▶ [Work instructions]
Begin your copy at the line with "February 12, 1996 |" in the records below and end it at the line with "Either they ran", restating each line word for word; omit the pictures.

▶ [Stored data]
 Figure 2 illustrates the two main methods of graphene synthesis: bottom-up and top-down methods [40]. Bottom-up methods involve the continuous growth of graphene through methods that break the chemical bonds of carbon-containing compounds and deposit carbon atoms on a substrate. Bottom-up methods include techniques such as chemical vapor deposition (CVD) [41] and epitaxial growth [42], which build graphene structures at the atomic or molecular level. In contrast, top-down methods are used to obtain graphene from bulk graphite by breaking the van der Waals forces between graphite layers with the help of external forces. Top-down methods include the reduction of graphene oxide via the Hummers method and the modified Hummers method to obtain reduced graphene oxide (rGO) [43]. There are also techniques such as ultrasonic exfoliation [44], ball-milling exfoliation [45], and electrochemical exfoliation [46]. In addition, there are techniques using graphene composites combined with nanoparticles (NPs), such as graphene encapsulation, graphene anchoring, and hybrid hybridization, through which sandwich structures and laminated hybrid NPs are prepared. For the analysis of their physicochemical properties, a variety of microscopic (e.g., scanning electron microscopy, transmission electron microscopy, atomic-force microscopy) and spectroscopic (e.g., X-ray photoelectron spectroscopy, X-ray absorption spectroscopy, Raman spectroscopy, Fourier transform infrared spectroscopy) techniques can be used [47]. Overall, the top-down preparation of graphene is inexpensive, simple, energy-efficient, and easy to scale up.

---

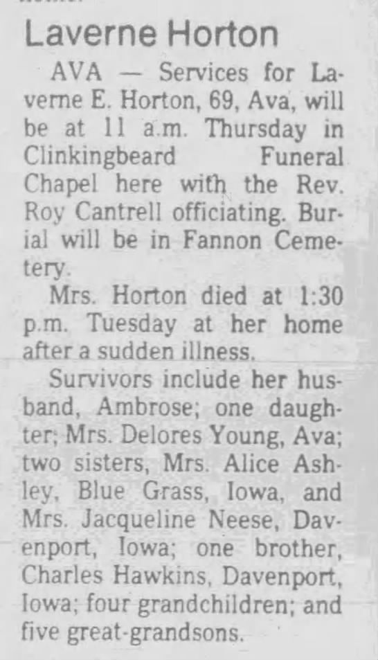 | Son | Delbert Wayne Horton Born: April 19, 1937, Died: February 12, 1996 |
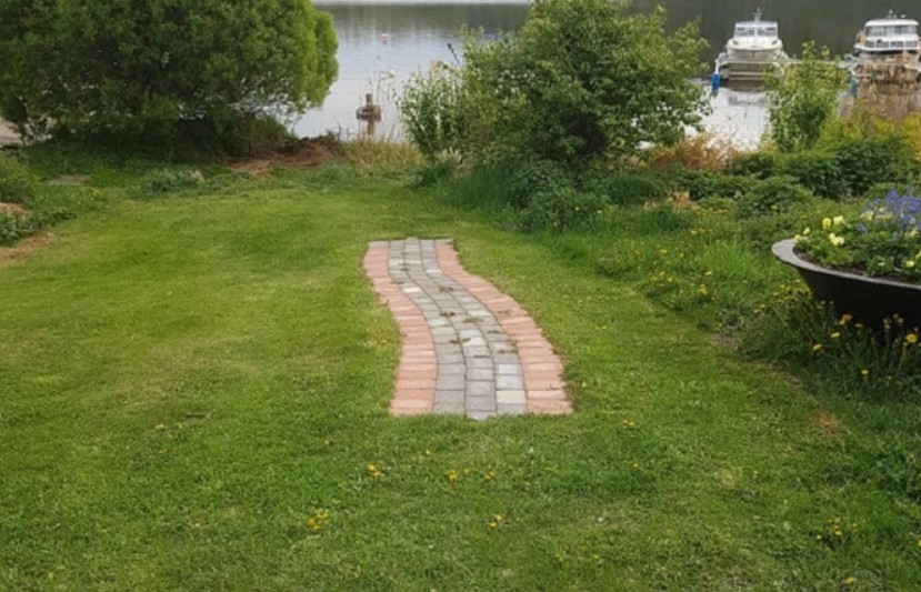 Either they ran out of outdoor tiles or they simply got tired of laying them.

▶ [Finished task]
 | Son | Delbert Wayne Horton Born: April 19, 1937, Died: February 12, 1996 |
 Either they ran out of outdoor tiles or they simply got tired of laying them.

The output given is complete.